Just how sacred is your data?...

The project I am working on at the moment involves putting a lot of information that our clients publish into our system for them to apply metadata to. All of this published information is structured hierarchically, although it isn't obvious from the printed versions what these hierarchies are. So we have been spending the last few weeks moving this information into an XML format that we can load into the CMS.

Some of this work has been done before, so that information was easily exported from another copy of our CMS, however that is only a small part. What we have been finding is that the only machine readable versions of much of this data is in held Quark files and they can only offer us Word document exports from this. There is no semantic markup and the WordML structure involves lots of tables which are used for layout purposes. In the end most of this information has had to be cut and pasted by hand.

I have to admit that I am a little shocked by all of this. The information in question is the life blood of this organisation, in fact it is pretty much the only reason that the department that we are dealing with exists. Having this data locked into a format that is strictly for layout publishing purposes seems absolutely crazy. From what I can see all editing is done directly to this format.
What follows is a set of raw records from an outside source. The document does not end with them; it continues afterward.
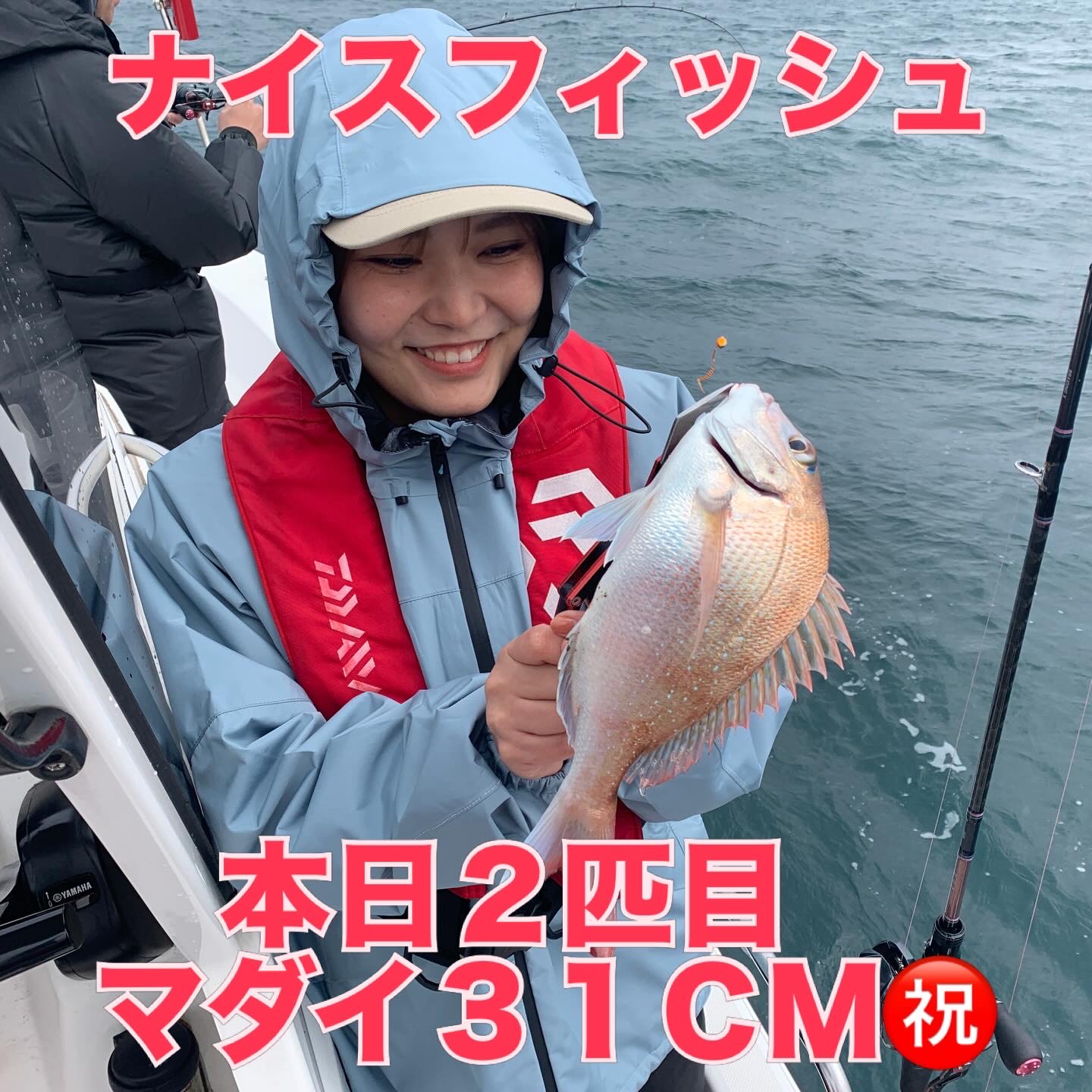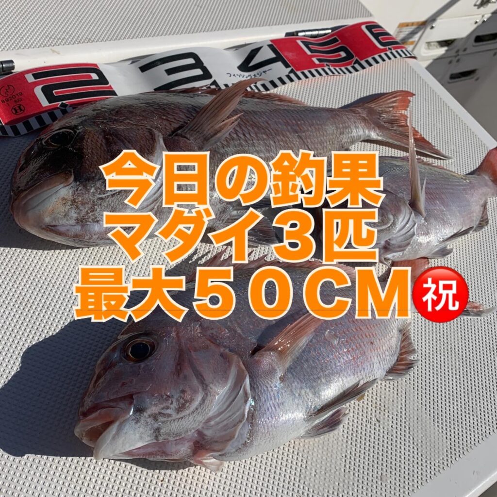 本日の釣果は船中、マダイ3匹(最大50cm)でした🎣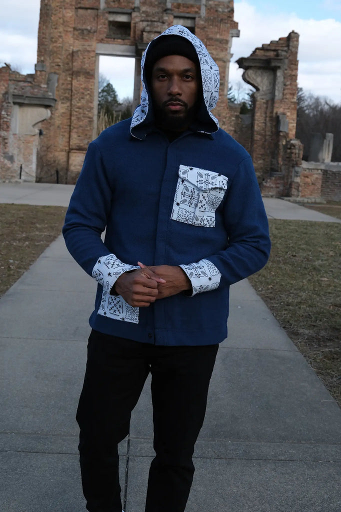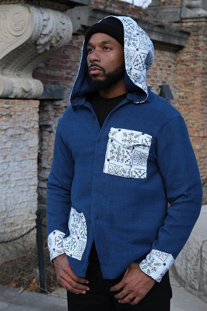 Experience true style and class with Leûl Denim Hoodie Jacket. Handmade in Ethiopia from hand woven cotton, this limited edition jacket features a traditional tatoo design, making it a unique work of art. With reactive printing and expert craftsmanship by DolMel, this jacket is truly one of a kind. Add it to your wardrobe and stand out from the crowd.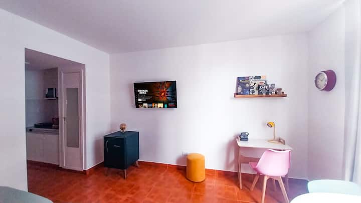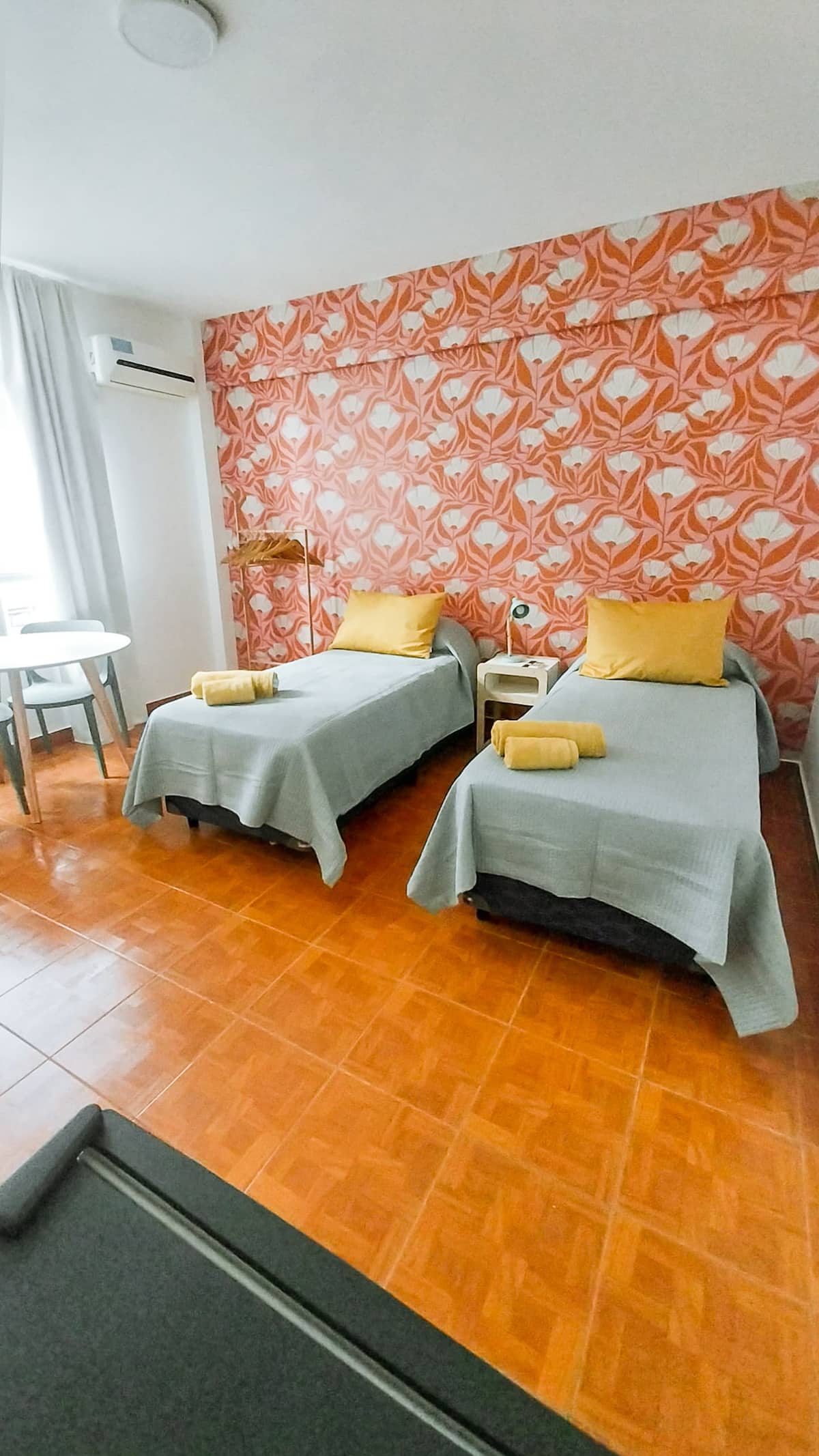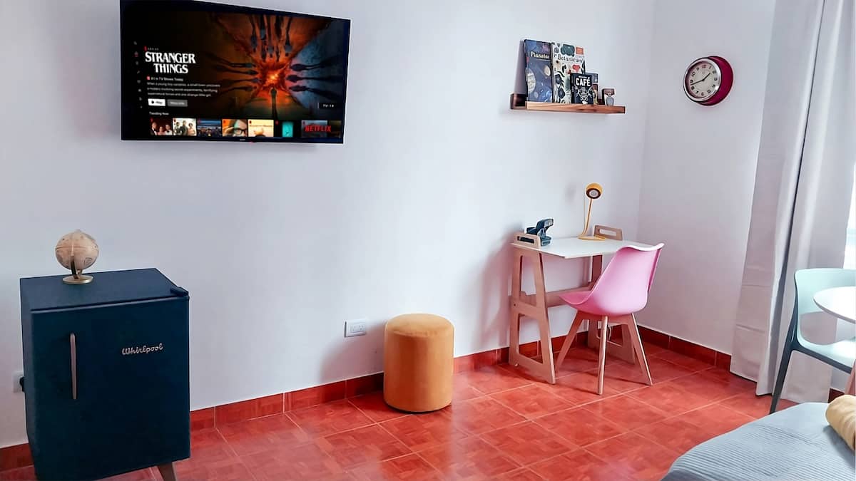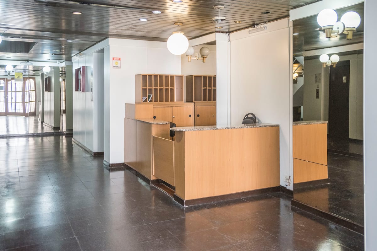Apartamento estúdio de 28 m² em andar alto, acima da Avenida Corrientes, em San Nicolás. Fica a uma quadra da Calle Florida, a alguns blocos de Puerto Madero e próximo de San Telmo. Tem duas camas de solteiro que podem ser unidas para formar uma cama de casal, ar-condicionado (quente/frio), cozinha compacta com fogão elétrico de 2 bocas, micro-ondas, torradeira, chaleira elétrica e cafeteira de gotejamento, além de geladeira, Smart TV de 43" com Netflix, Wi-Fi, secador de cabelo e ferro de passa

I think that the reason this has happened is that our clients have always seen the end product, i.e. the printed versions, as sacred without ever thinking that somewhere in there is pure data which is actually what they should be concerned about.

The true extent of this problem came to light on a related project with the same client and data set. The printed versions have marginal notes which provide cross-references between parts of the information and we needed to know if there were any reciprocal links in there. Our client couldn't tell us this without checking through all the relevant parts of a printed copy!

It is easy for us developers to forget that a client's perspective on something can be very different to our own. We had assumed that there would be a way to get some of this information in an electronic format that we could at least begin to use and transform. I think this has been something of a learning curve for our client, and we are helping them to understand the implications. Of course the great outcome of this project is that they will have these pure data versions in XML. They are now seeing all the possible benefits of this perspective change from thinking that the Quark files are their only precious commodity to thinking about the underlying data as being more valuable.